Démoniak est une nébuleuse d’artistes œuvrant dans l’anonymat et une semi-confidentialité depuis une bonne dizaine d’années, dignes héritiers d’une constellation d’auteurs inconnus ou oubliés des comix et fumetti pornographiques et iconoclastes populaires qui ont traversé le XXe siècle.
Après une longue série publiée aux éditions Frémok autour de la figure du “justicier” masqué éponyme, Démoniak s’est attaqué à diverses personnalités publiques pour une série d’outrages de premier choix dans sa série “Épisodes déclassés”, hommage appuyé aux Tijuana Bibles américaines des années 1920.
Pour ce nouveau prolongement de sa geste, les Productions Démoniak vont cette fois lorgner vers la série Eros Negro, bande dessinée pornographique de gare des années 1980, rejouant ici strictement à l’identique le fumetto d’origine.
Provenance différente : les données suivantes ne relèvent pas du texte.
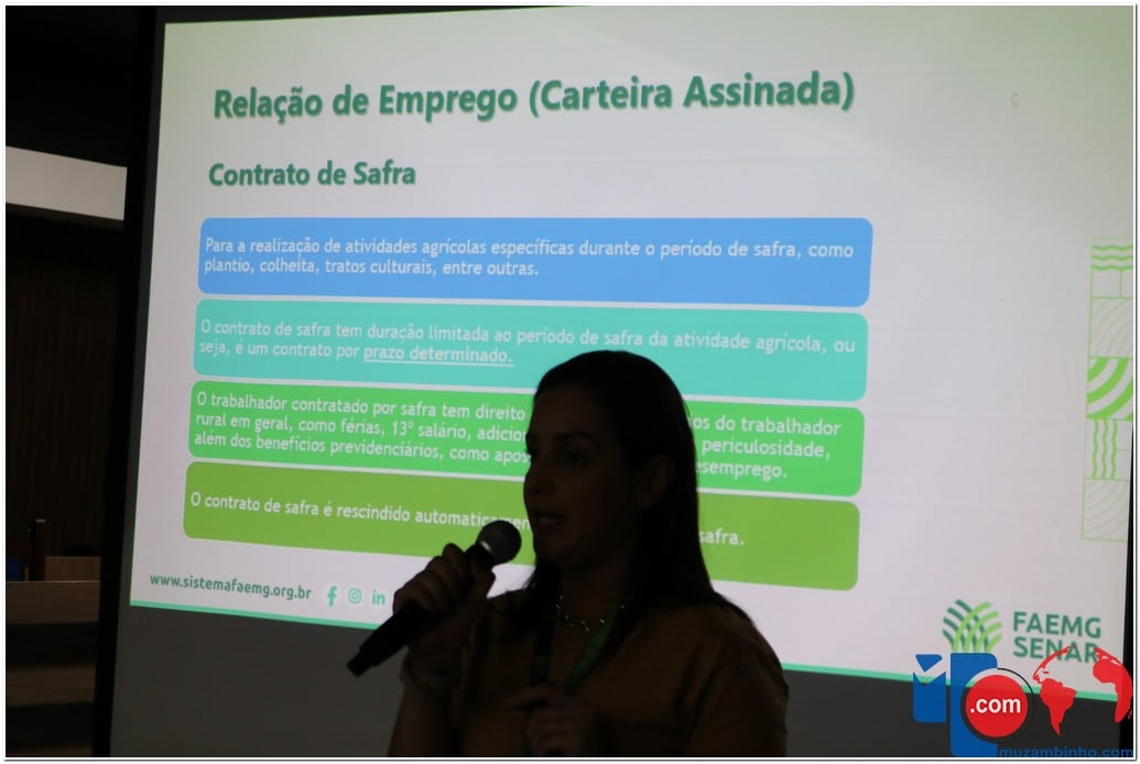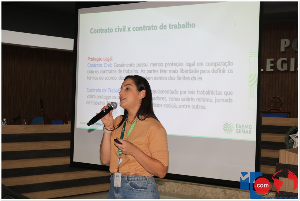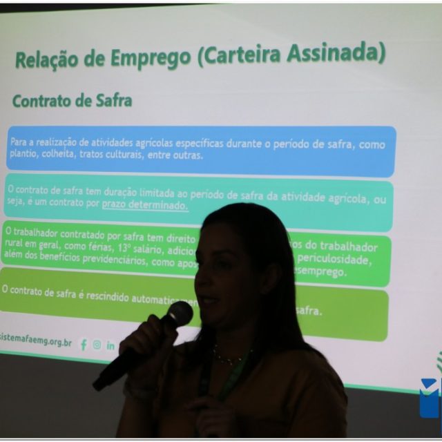 - Normativas do Ministério do Trabalho durante a Colheita de Café: Na terceira palestra, foram apresentadas as normativas do Ministério do Trabalho que regulam a colheita de café. Os cafeicultores receberam orientações sobre a contratação formal de trabalhadores, cumprimento de legislações trabalhistas, condições de trabalho adequadas e o cumprimento de normas no campo.
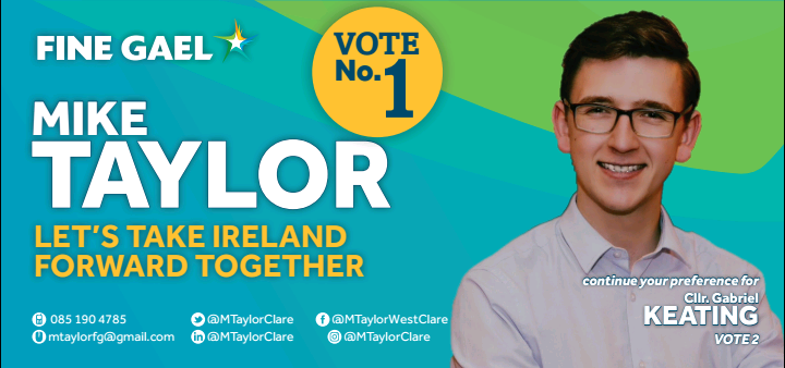 A Leaflet from Mike Taylor of Fine Gael running in The Kilrush LEA for a seat on Clare County Council. He is youngest ever and first LGBTQ candidate there.
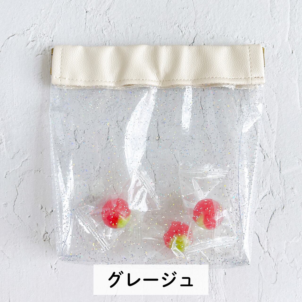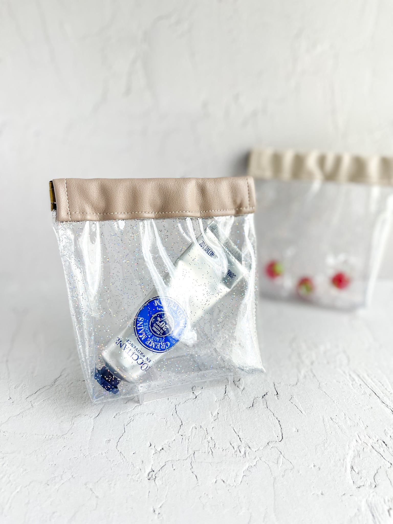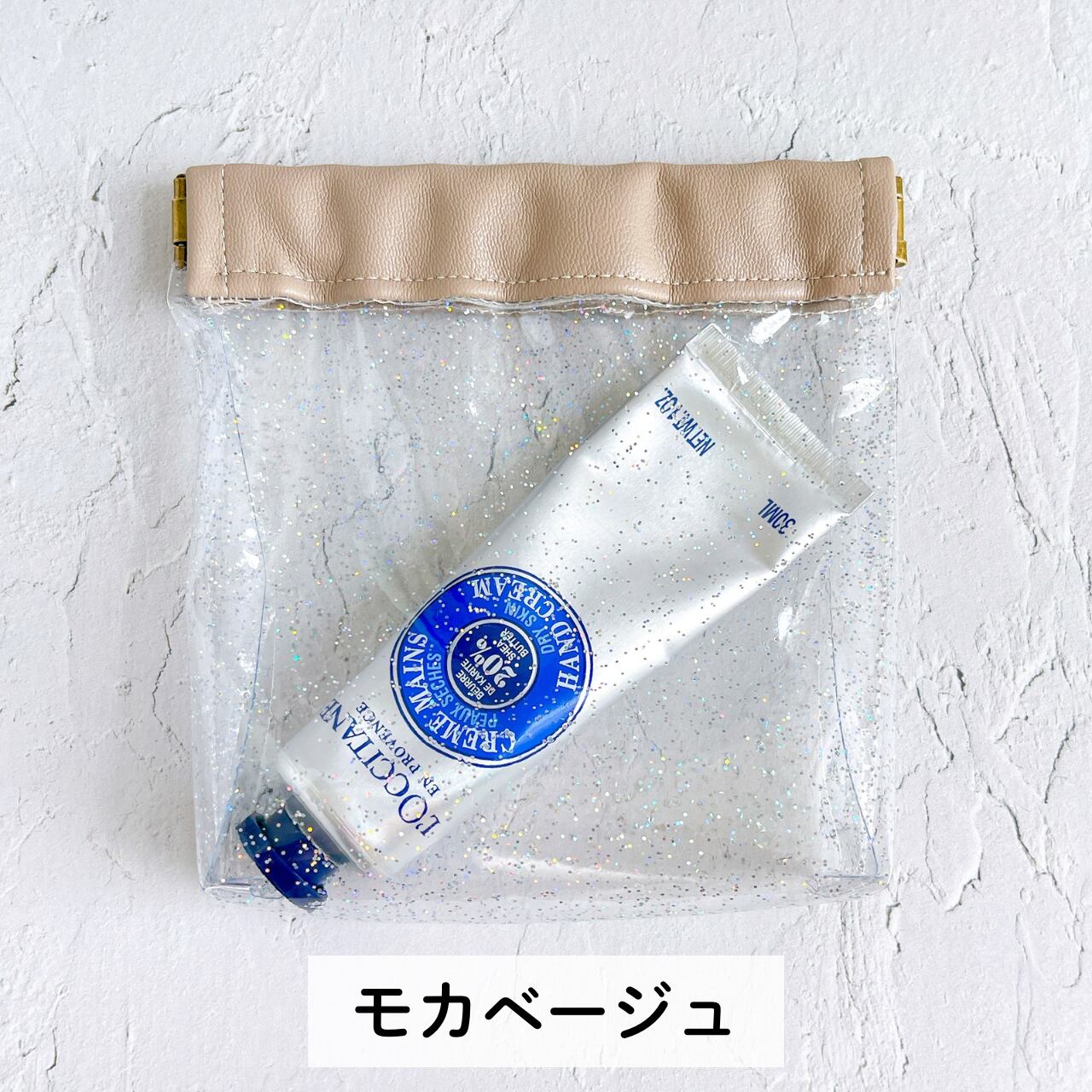 透明感のあるPVC素材に、きらりと光るラメを散りばめた上品なバネポーチです。
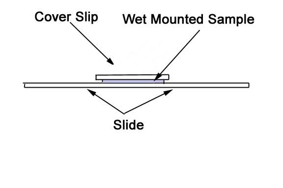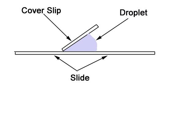 - Place the coverslip next to the droplet, as shown in the diagram, then lower it slowly onto the glass slide. This will prevent bubbles forming under the coverslip. You can use a dissecting needle to lower the the coverslip into position. The drop will spread outward and suspend the sample between the slide and the coverslip.

Et cette reprise frappe par sa singularité, questionnant l’acte même de redessiner autant qu’elle réinterroge avec pertinence — avec ses 30 ans de décalage par rapport à la publication originale — la place du Noir dans la psyché occidentale. Et c’est alors avec un à-propos des plus crus et des plus lumineux qu’Eros Negro (Jouer avec le feu) vient souligner d’un jet d’encre, de foutre et de feu, combien la culpabilité refoulée de l’héritage colonial trouve encore et toujours dans le champ du fantasme sexuel un espace propice à son expression dévoyée.